Aquel día compré casi todos los periódicos que ofrecía Manuel. Ya en mi casa, con una taza de café, me senté con mi madre a leer los periódicos, a entregarme a aquel vicio encantador que me había enseñado. En esos tiempos se encontraban periodistas con un alto vuelo intelectual; casi todos estaban casados con la ética y la verdad, con plumas tan potentes que podían tumbar presidentes. Pero, esto cambió con la llegada de Hugo Chávez a la silla presidencial, en el año 1999, con un morral lleno de resentimientos y con muchas carencias intelectuales, y además con una carta de presentación de un golpe de Estado, en el que murieron centenares de venezolanos. Hugo Chávez se encargó de desaparecer los periódicos y la prensa escrita, canales de televisión y estaciones de radio, ya que quería tomar los medios de comunicación a toda costa, con su política de que cada rico era o bien un ladrón o el heredero de un ladrón.

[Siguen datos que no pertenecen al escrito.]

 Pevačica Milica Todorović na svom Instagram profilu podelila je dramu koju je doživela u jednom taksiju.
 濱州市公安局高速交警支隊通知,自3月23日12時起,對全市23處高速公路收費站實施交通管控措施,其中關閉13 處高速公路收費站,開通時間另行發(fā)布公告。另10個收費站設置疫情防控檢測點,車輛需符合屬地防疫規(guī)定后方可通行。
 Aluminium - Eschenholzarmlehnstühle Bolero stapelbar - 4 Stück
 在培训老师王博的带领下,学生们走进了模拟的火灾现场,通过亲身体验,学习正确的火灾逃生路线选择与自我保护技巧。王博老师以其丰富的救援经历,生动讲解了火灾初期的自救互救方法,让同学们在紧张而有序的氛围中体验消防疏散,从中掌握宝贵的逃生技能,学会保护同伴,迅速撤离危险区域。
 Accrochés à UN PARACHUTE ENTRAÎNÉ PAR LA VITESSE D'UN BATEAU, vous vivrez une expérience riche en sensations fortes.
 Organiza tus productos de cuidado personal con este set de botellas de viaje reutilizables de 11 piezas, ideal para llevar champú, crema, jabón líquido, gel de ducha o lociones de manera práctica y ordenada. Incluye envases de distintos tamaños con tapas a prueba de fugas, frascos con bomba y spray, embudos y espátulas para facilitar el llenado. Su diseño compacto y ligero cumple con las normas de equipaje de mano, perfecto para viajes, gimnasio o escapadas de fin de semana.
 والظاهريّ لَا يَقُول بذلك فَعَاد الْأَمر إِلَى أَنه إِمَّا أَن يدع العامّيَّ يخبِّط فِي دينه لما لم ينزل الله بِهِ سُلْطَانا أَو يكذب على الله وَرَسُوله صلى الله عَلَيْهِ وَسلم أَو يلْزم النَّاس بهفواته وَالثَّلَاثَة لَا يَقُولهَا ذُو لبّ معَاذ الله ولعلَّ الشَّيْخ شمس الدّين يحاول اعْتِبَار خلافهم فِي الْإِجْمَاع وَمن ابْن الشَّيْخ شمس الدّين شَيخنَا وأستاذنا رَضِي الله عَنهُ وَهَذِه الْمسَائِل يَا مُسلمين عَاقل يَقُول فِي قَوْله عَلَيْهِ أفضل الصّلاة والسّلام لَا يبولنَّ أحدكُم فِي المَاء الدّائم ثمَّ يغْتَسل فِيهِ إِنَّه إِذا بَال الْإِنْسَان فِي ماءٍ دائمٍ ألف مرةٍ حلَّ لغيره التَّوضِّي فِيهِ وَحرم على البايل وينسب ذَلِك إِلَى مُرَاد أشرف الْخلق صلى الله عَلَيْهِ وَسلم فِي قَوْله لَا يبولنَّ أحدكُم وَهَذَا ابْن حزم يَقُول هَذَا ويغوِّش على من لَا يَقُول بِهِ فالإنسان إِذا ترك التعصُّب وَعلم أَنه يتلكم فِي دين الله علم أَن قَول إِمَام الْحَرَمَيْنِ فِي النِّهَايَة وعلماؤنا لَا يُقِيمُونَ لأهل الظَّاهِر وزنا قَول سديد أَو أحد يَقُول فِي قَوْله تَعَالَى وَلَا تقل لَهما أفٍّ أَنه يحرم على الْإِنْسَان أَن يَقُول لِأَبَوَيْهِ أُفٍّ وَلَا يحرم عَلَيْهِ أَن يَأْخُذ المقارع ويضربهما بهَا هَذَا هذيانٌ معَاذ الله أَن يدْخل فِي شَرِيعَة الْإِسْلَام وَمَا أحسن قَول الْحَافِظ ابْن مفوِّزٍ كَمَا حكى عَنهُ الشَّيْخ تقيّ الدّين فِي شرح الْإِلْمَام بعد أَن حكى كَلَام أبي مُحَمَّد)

Repetía continuamente, en sus largos discursos por televisión, que la prensa mentía todo el tiempo sobre su revolución, acusando a los diarios de estar en una conjura para derrocar a su gobierno, que había sido elegido democráticamente.
Luego de leer los titulares y algunos artículos, donde comentaban que el gobierno de Carlos Andrés Pérez no había sabido explicarle al pueblo las medidas económicas, ya casi en la última página me encuentro con la noticia de que una joven reportera, de nombre de Angélica Romero, había muerto en medio de la revuelta, por un impacto de bala en la cabeza. Más abajo estaban el lugar y la fecha del sepelio y, por último, las siglas «D.E.P». Me quedé paralizado por un instante y leí la nota muchas veces, sin creer que era el nombre de Angélica Romero, tratando de asegurarme de que no fuera una alucinación, o que se trataba de otra Angélica; pero en efecto, era ella.
Cuesta creer que un objeto tan pequeño, de sólo ocho gramos, pueda acabar con una vida en un instante. Pasé varias horas tirado en mi cama mirando al techo, pensando en Angélica, queriendo llorar, pero no podía. Estar solo conmigo mismo me permite experimentar mis pensamientos y mis sentimientos; así que si leo o veo una película y siento ganas de llorar, lloro. Sin embargo, ese día no afluía el llanto, como queriendo guardar mis lágrimas para otra ocasión. ¿No era ese el momento de llorar? Misteriosamente luego de diez años, caminando por una de las calles del centro de Londres, vi a una mujer parecida a Angélica: me detuve frente a ella; la mujer me miró y me sonrió; me quedé unos instantes observándola fijamente. Ella me miró nuevamente y sonrió otra vez; luego cruzó la calle y desapareció entre una muchedumbre de turistas. Un escalofrió me recorrió desde los pies hasta la cabeza. Enseguida regresé a mi departamento y me puse a llorar, recordando aquel 12 de marzo.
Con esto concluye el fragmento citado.